Thank you for pointing that out @ianb-mp. We don't use KubeVirt so we have no issues. Isn't it also possible to configure KubeVirt so that it "knows" where containerd data and conf. is? At least it should be.

mansoncui commented 7 months ago

How was your problem solved?

codeReaper2001 commented 7 months ago

K3s uses containerd in a close to vanilla state.

  • containerd root: /var/lib/rancher/k3s/agent/containerd (all your images, container files etc)
  • containerd state: /run/k3s/containerd (scratch space blown up during containerd reboots)

Practically, what we want is for everything that can grow to be backed by some large drive.

So say, you have a large mounted drive at /mnt, this script below does the trick (the Kubernetes nodefs and imagefs will both be backed by /mnt, and so will kubelet and the local-path persistent volumes) - so your machine's OS directory stays unbloated:

# =======================================
# Storage prep to "/mnt" drive (~500 GB+)
# =======================================
MNT_DIR="/mnt"
K3S_VERSION="v1.25.4+k3s1"

# nodefs
#
KUBELET_DIR="${MNT_DIR}/kubelet"
sudo mkdir -p "${KUBELET_DIR}"

# imagefs: containerd has a root and state directory
#
# - https://github.com/containerd/containerd/blob/main/docs/ops.md#base-configuration
#
# containerd root -> /var/lib/rancher/k3s/agent/containerd
#
CONTAINERD_ROOT_DIR_OLD="/var/lib/rancher/k3s/agent"
CONTAINERD_ROOT_DIR_NEW="${MNT_DIR}/containerd-root/containerd"
sudo mkdir -p "${CONTAINERD_ROOT_DIR_OLD}"
sudo mkdir -p "${CONTAINERD_ROOT_DIR_NEW}"
sudo ln -s "${CONTAINERD_ROOT_DIR_NEW}" "${CONTAINERD_ROOT_DIR_OLD}"
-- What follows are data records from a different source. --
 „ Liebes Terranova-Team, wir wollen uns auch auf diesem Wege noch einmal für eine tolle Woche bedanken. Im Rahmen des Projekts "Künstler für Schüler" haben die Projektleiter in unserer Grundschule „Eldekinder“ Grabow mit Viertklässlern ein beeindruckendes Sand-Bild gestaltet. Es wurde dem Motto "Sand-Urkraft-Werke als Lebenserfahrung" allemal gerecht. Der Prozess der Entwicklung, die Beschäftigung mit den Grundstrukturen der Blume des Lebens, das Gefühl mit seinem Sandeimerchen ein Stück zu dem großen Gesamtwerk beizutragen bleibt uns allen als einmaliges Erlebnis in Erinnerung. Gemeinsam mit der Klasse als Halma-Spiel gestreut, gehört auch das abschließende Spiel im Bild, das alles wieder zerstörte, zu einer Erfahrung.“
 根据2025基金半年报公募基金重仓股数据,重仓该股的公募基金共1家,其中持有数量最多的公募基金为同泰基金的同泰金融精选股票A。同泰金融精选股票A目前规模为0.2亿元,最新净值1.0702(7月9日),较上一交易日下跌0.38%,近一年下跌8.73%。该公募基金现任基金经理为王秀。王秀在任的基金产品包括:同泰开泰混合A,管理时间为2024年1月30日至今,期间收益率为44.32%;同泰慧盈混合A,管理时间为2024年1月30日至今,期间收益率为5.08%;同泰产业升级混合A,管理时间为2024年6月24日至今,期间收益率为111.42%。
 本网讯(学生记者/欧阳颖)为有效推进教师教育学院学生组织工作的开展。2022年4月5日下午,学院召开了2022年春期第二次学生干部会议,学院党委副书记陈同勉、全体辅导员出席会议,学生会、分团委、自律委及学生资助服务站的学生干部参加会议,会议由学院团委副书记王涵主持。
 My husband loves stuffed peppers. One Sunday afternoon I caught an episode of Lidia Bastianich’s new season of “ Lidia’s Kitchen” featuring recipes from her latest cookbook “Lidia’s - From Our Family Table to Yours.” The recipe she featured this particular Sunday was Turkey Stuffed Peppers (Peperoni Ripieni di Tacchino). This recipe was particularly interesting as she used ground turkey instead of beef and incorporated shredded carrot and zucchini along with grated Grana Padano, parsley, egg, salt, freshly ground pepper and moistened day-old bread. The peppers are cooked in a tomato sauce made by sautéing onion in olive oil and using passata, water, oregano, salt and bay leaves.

# containerd state -> /run/k3s/containerd
#
CONTAINERD_STATE_DIR_OLD="/run/k3s"
CONTAINERD_STATE_DIR_NEW="${MNT_DIR}/containerd-state/containerd"
sudo mkdir -p "${CONTAINERD_STATE_DIR_OLD}"
sudo mkdir -p "${CONTAINERD_STATE_DIR_NEW}"
sudo ln -s "${CONTAINERD_STATE_DIR_NEW}" "${CONTAINERD_STATE_DIR_OLD}"
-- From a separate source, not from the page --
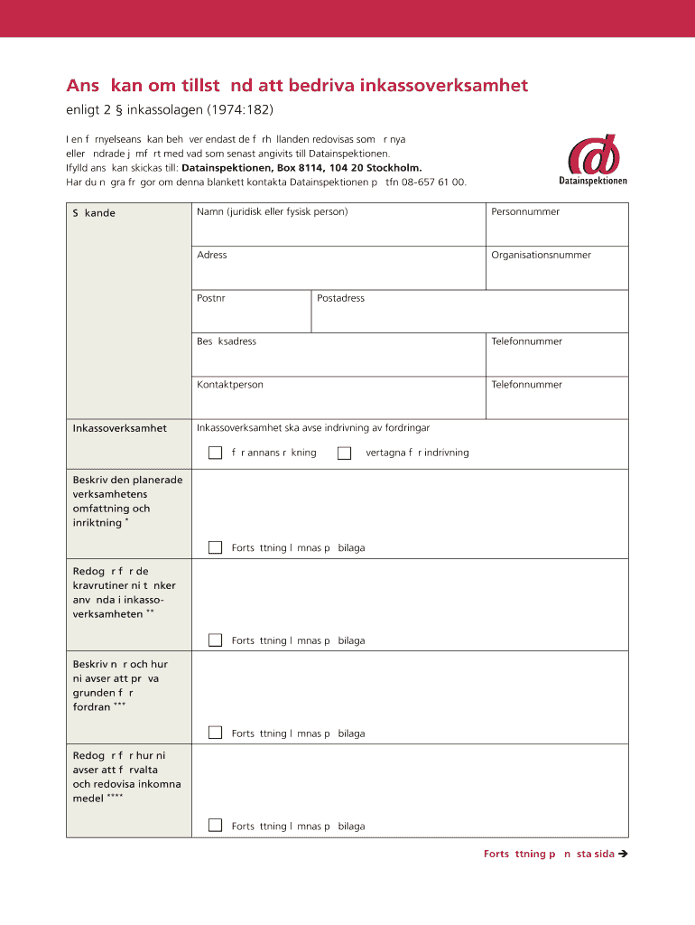 Get the free Blankett - Anskan om tillstnd att bedriva inkassoverksamhet - Datainspektionen

# pvs -> /var/lib/rancher/k3s/storage
#
PV_DIR_OLD="/var/lib/rancher/k3s"
PV_DIR_NEW="${MNT_DIR}/local-path-provisioner/storage"
sudo mkdir -p "${PV_DIR_OLD}"
sudo mkdir -p "${PV_DIR_NEW}"
sudo ln -s "${PV_DIR_NEW}" "${PV_DIR_OLD}"

# =======
# Install
# =======
curl -sfL https://get.k3s.io | INSTALL_K3S_VERSION="$K3S_VERSION" INSTALL_K3S_EXEC="--kubelet-arg "root-dir=$KUBELET_DIR"" sh -
sudo chmod 644 /etc/rancher/k3s/k3s.yaml

When kubernetes comes up, you see everything is backed with a lot of space (in my case, /mnt has 600 GB) - so nodefs and imagefs is nice and full:

image

And nodefs and imagefs are at 99% - meaning Eviction Manager will not fire under normal circumstances: image

Hello, I would like to understand how the Eviction Thresholds in the second image were derived. I would like to verify if my configuration is taking effect. Could you please provide more details on this? Thanks a lot!

mdrakiburrahman commented 7 months ago

@codeReaper2001 - full writeup and script here: https://www.rakirahman.me/conquering-eviction-manager-k8s/

codeReaper2001 commented 7 months ago

@codeReaper2001 - full writeup and script here: https://www.rakirahman.me/conquering-eviction-manager-k8s/

Thanks a lot, it worked!